The Removal of Deposited Particles Using a High-speed Air Jet

The removal of fine particles adhering to a wall has been studied using a high speed two-dimensional air jet and paying particular attention to the geometric constitutions of the removal equipment and the duration of air-jet blowing. The experimental results showed that the stable high efficiency region was confined to the vicinity of the impinging point of the air-jet depending on the impinging angle. The high efficiency region was well estimated by a new model where the impinging region was introduced based on the two-dimensional free jet theory. The effect of the nozzle-wall distance and the particle diameter were also estimated.

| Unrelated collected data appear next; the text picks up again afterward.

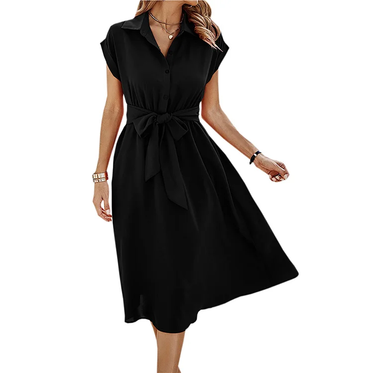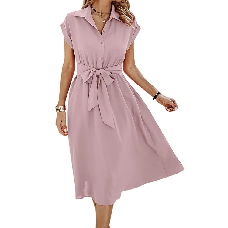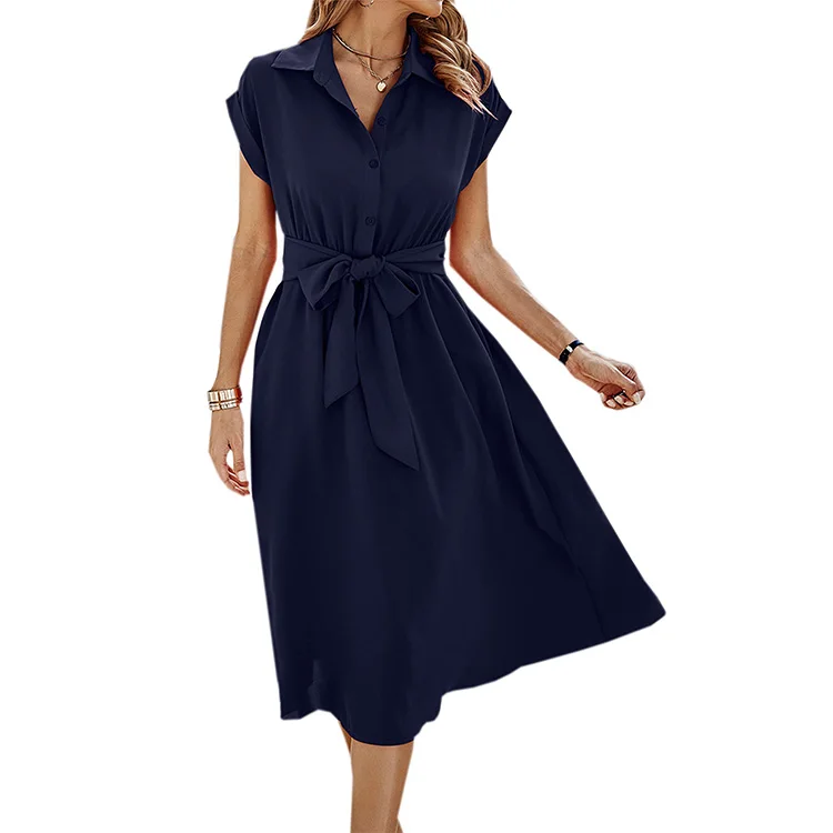 Product Name: Womens Casual Midi Dresses Solid Turn Down Neck Short Sleeve Button Shirt Dress With Pockets for Spring Summer
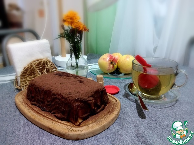 Переложила террин на доску, перевернув форму, террин легко вышел. Я обмазала верх растопленным молочным шоколадом, добавив в него сливок и присыпала какао, когда шоколад схватился. Я не ждала ночь, чтобы террин был поплотнее, мне нужен он был срочно. Подала. Вот такой красавец.
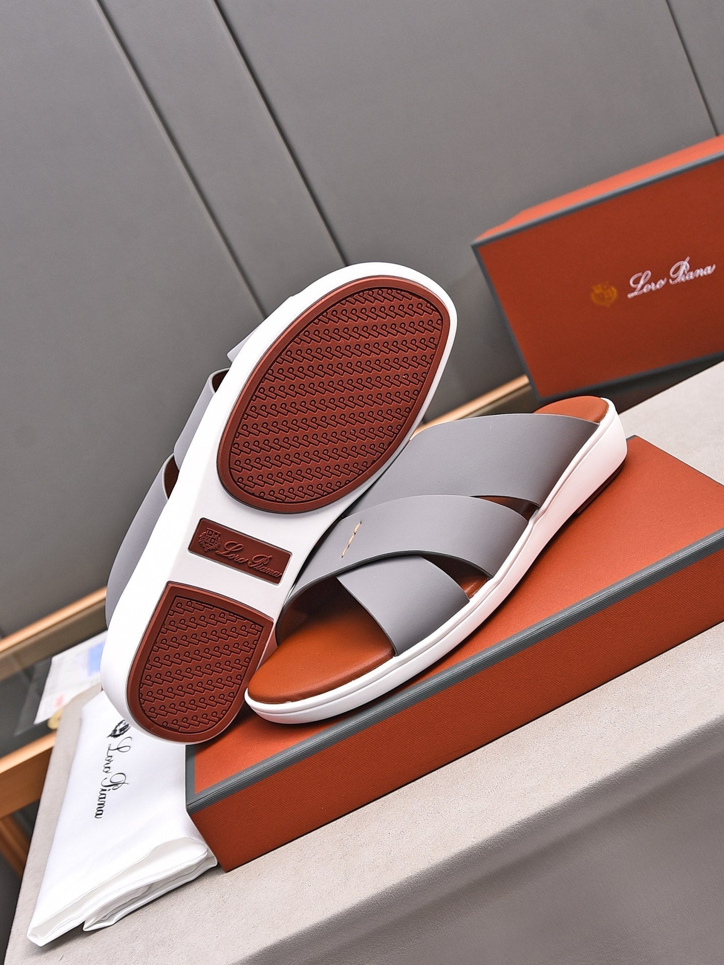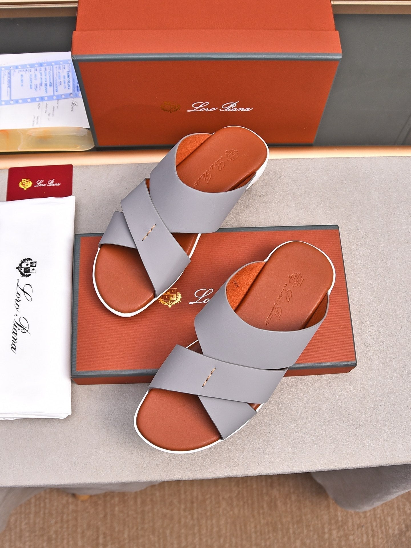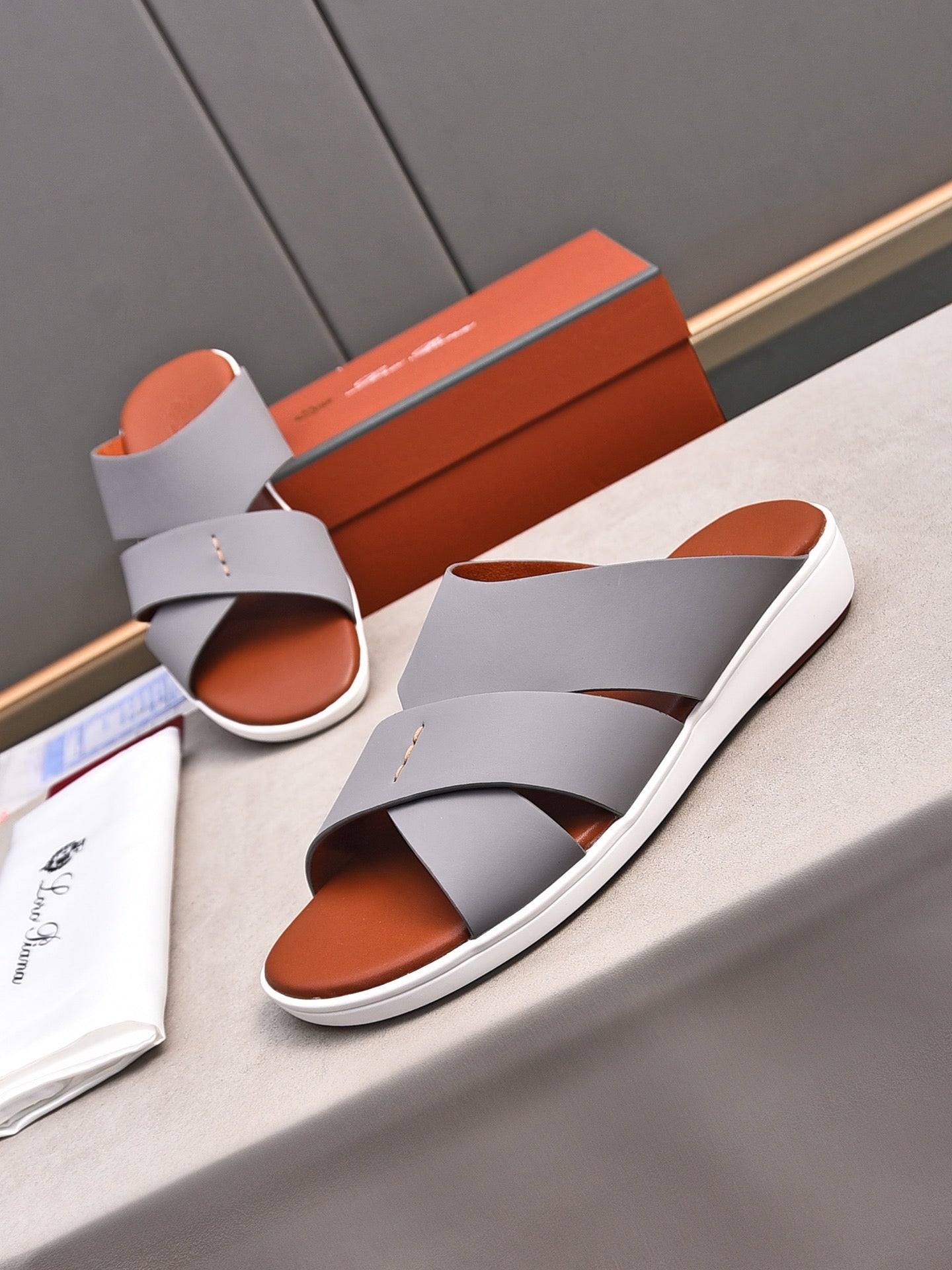LP INTERWOVEN STRAPS SLIPPERS LIGHT GRAY CALFSKIN

The change in the removal efficiency with time was also well represented by a model assuming that the efficiency was proportional to the number of removable adhered particles. In addition, the removal characteristics of the sequential pulse jet were the same as those obtained by the one-pulse jet as long as the total duration of the air-jet was kept constant. The change in the efficiency with pulse number was also represented by the same model.

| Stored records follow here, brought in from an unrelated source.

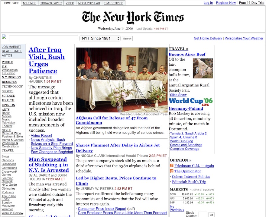 The New York Times website from October 13, 2006. ©
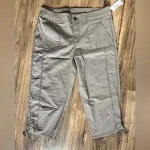 NWT khaki capri pants with pockets and adjustable leg length with tie. Size 10
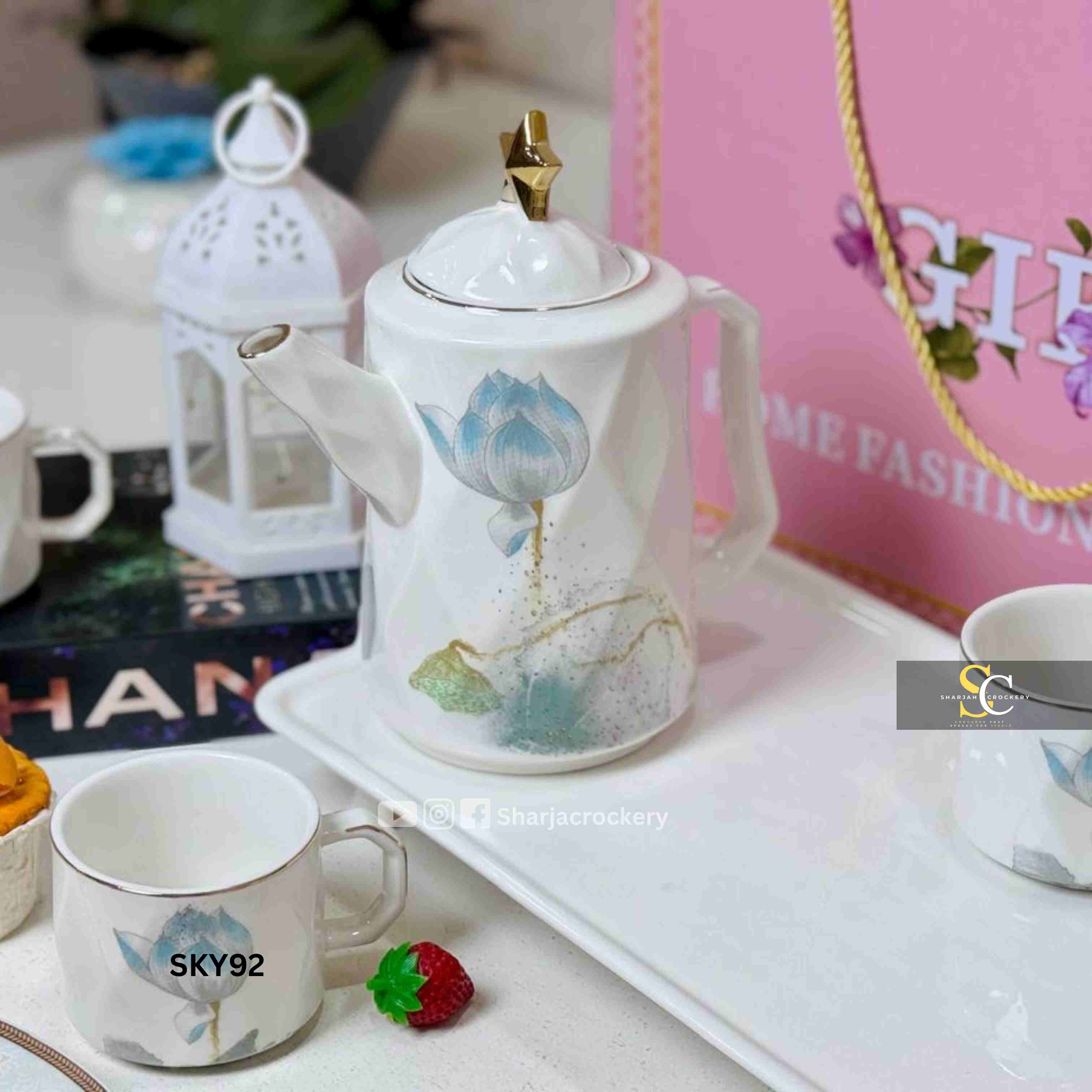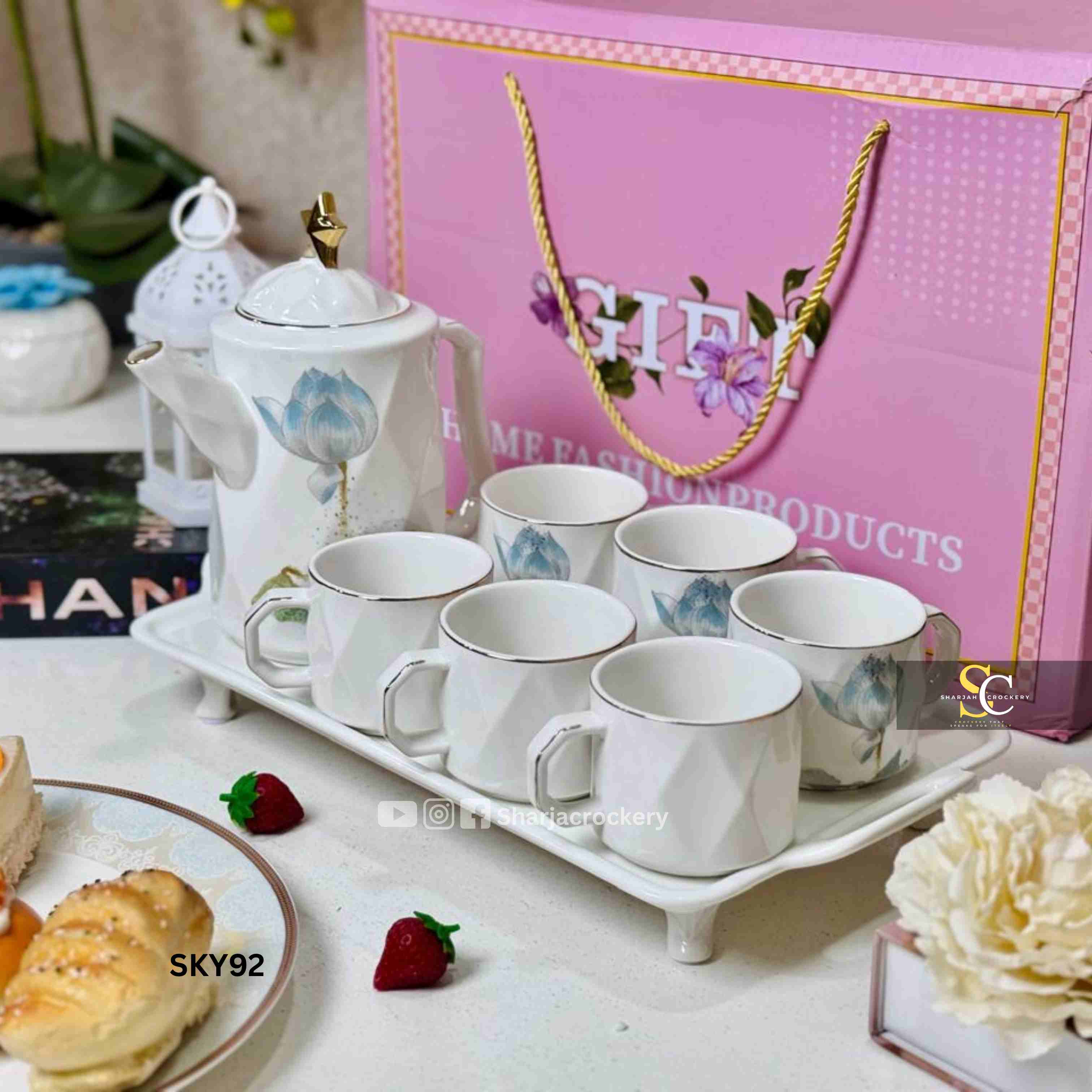 Modern Geometric White & Blue Floral 8-Piece Tea/Coffee Set - Teapot, 6 Mugs & Tray

The Effect of the Operational Condition and Core Particle Size on the Powder Composite Process by a Mechanical Method

In this paper, a mechanical processing method called MECHANOFUSION was used to investigate the effect of the chamber revolution and core particle size on the composite process. Glass beads were used as core particles, and titanium dioxide was selected as fine particles. The weight fraction of the fine particles fixed onto the core particles surface was measured to characterize the composite process.
As a result, the composite process was described by the following two patterns related to the chamber revolution: Under a critical revolution, fine particles gradually adhered to core particles during the processing time, and at a higher revolution, some portions of the fine particles were detached from the core particles surface after a certain time. Furthermore, the critical revolution was inversely proportional to the core particle size.
These results were explained qualitatively from the analysis of the BET surface area and the SEM pictures of the processed particles.